What a surprise – it was mine. It was a siddur given to me eighteen years ago by my father, Rabbi Philip Harris Singer, zt”l, upon the birth of my youngest daughter – the daughter who is now in Michlelet Mivaseret Yerushalayim.

I had forgotten all about it. It was inscribed by my father with a poem in Hebrew he had composed for the occasion.

My father died this past year, so I was thrilled to rediscover this siddur.

I prayed.

As I turned the pages, I noticed that some of the prayers had penciled annotations in the margins. For example, the paragraphs of the Shema were given names: Chesed, Din, Tiferet.

The phrase in Chapter 30 of Tehillim, “m’yordi bor,” which introduces Pesukai D’zimrah, was denoted as referring to Yosef, and the “histarta panecha” to Purim. Someone had cleverly penciled in the word “Mayhem” in the “Asher Yatzar” as a play on the words “im yipatach ached mahem.”

The handwriting was unmistakably Ariel’s!

I began to cry. Ariel’s comments were interspersed throughout the siddur. I don’t know if he used the siddur in a class, or just made his own insertions.

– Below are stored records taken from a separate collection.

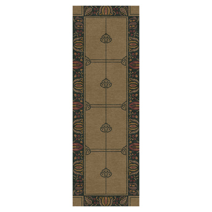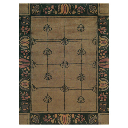 The work of Scotland's Charles Rennie Mackintosh and his wife Margaret Macdonald contribute inspiration to our elegant Windyhill rug. Its pattern recalls Mackintosh's signature design aesthetic, while Macdonald's panel titled \"Heart of the Rose\", designed for her husband's Hill House project, lends its color palette. A wonderful complement to many Stickley collections, the rug is hand-knotted by Nepalese weavers using wool from Himalayan Highland sheep.
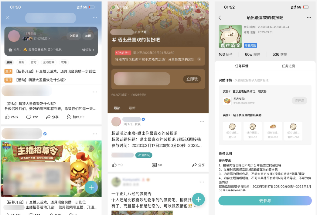 - 开发者可以通过玩法、任务等方式,鼓励用户在社区交流、互动。
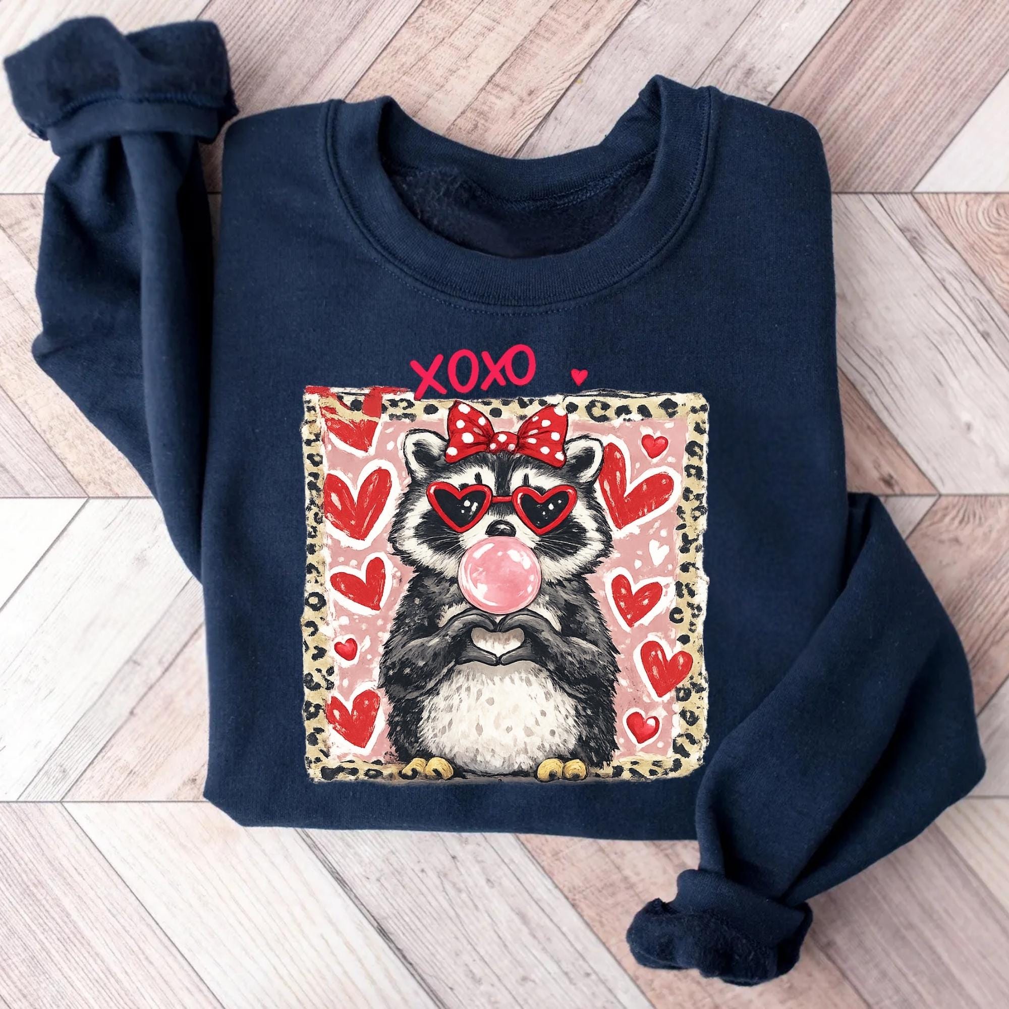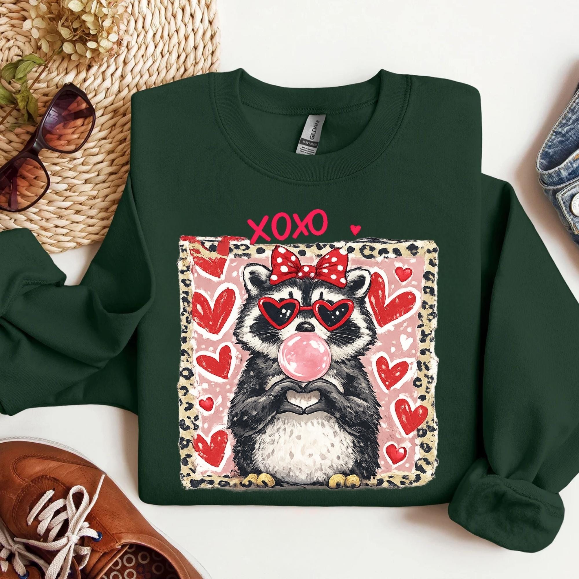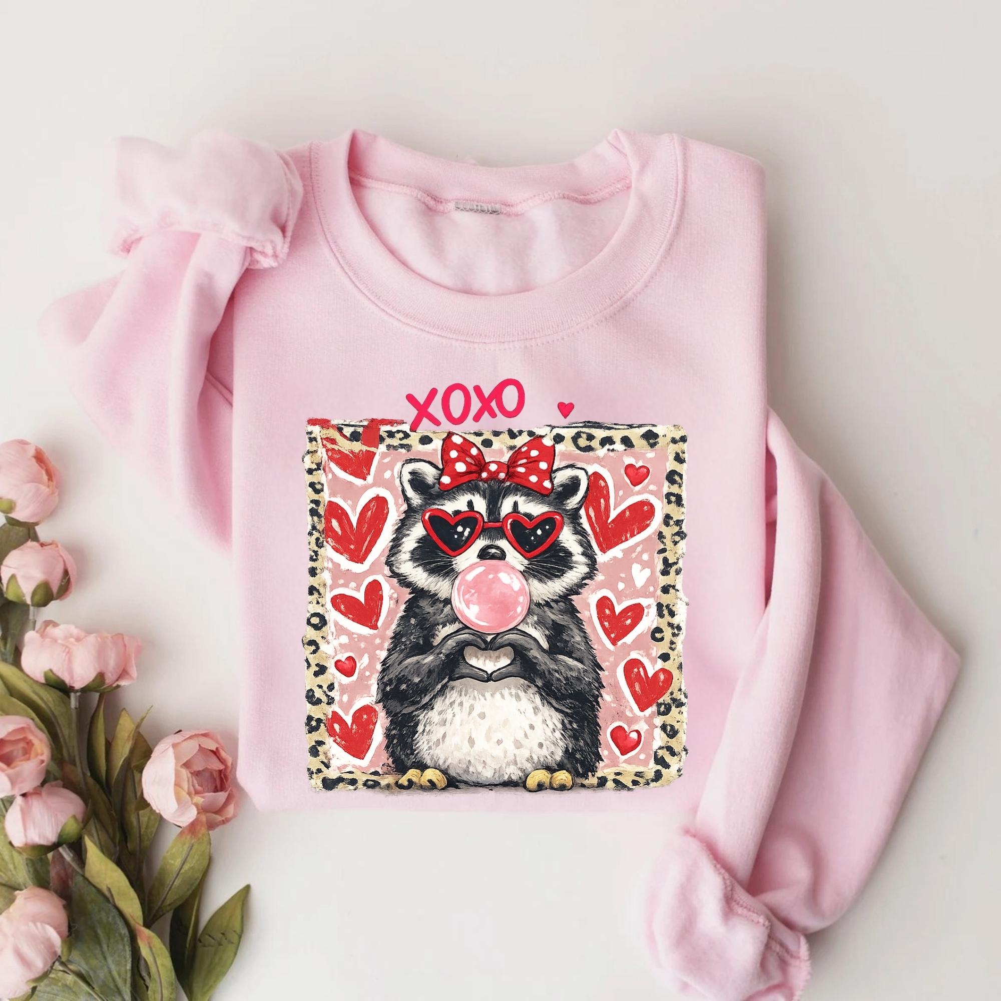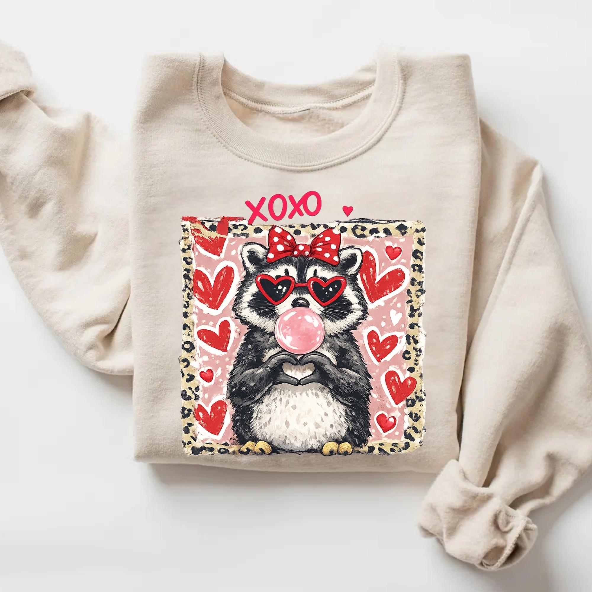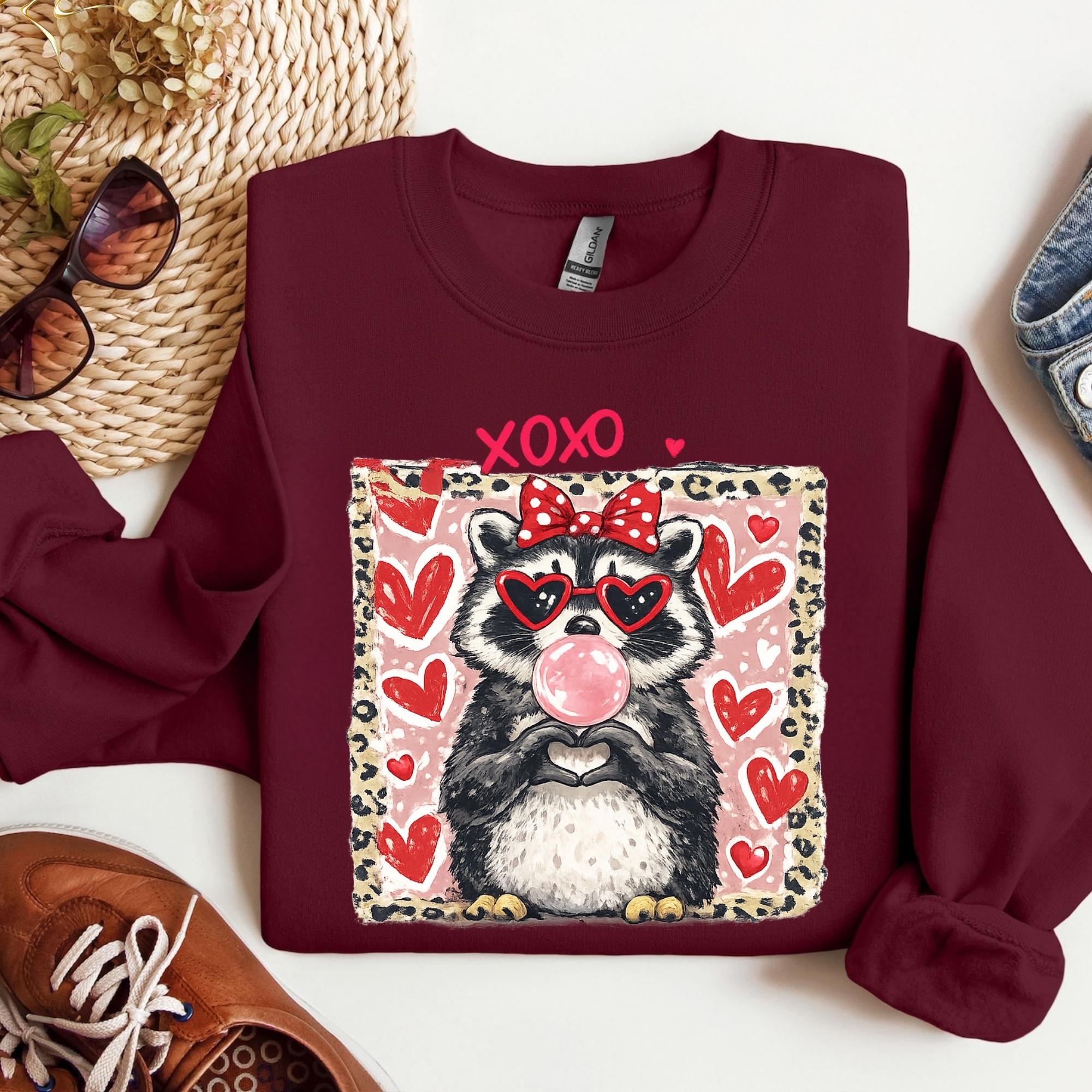 Valentine Raccoon Sweatshirt, Funny Romantic Quote Sweatshirt, Trendy Animal Coquette Red Heart Glasses Shirt, Love Gift
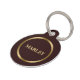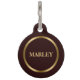 Elegant monocentrisch metalen gouden cirkel over de bruine achtergrond. Aan de andere kant zijn de naam en het telefoonnummer op gouden achtergrond
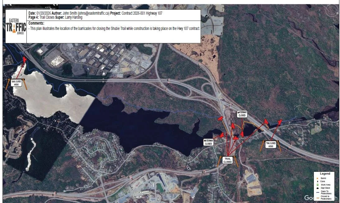 The Shubenacadie Canal Commission wishes to inform the public that the canal corridor and trail section between Lake Charles and Lake William are currently closed for safety reasons due to construction associated with the Highway 107 Twinning Project.
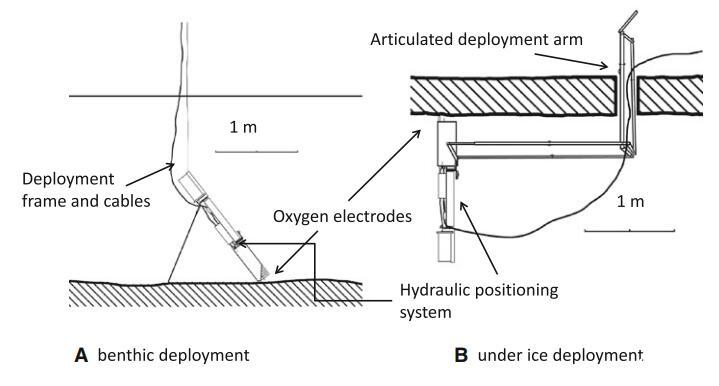 圖2氧氣微電極部署設(shè)備。相同的液壓微電極定位系統(tǒng)用于底棲(a)和冰下(b)部署。在冰下部署模式下,光、氧溫度和鹽度傳感器位于一起。在底棲部署期間,光傳感器保持在沉積物表面上方。視頻設(shè)備位于水工建筑物內(nèi)

The siddur I had lost in Israel led me to the siddur I was meant to find. The daughter who had originally given me the siddur I lost had now given me another siddur to take its place. This new gift came from the two people in my life who were no longer alive to speak to me: my father and my son.

A small miracle that brings some solace where comfort is rare.

It is most appropriate that we speak of small miracles at this time of Purim, the time of hidden miracles, of nisim nistorim. It is also the time of Ariel’s bar mitzvah, for he was bar mitzvah on Shabbat HaChodesh. We pray that his neshomah, and the neshomah of my father, Rabbi Philip Harris Singer, of blessed memory, should have aliyahs in Gan Eden Shel Maalah.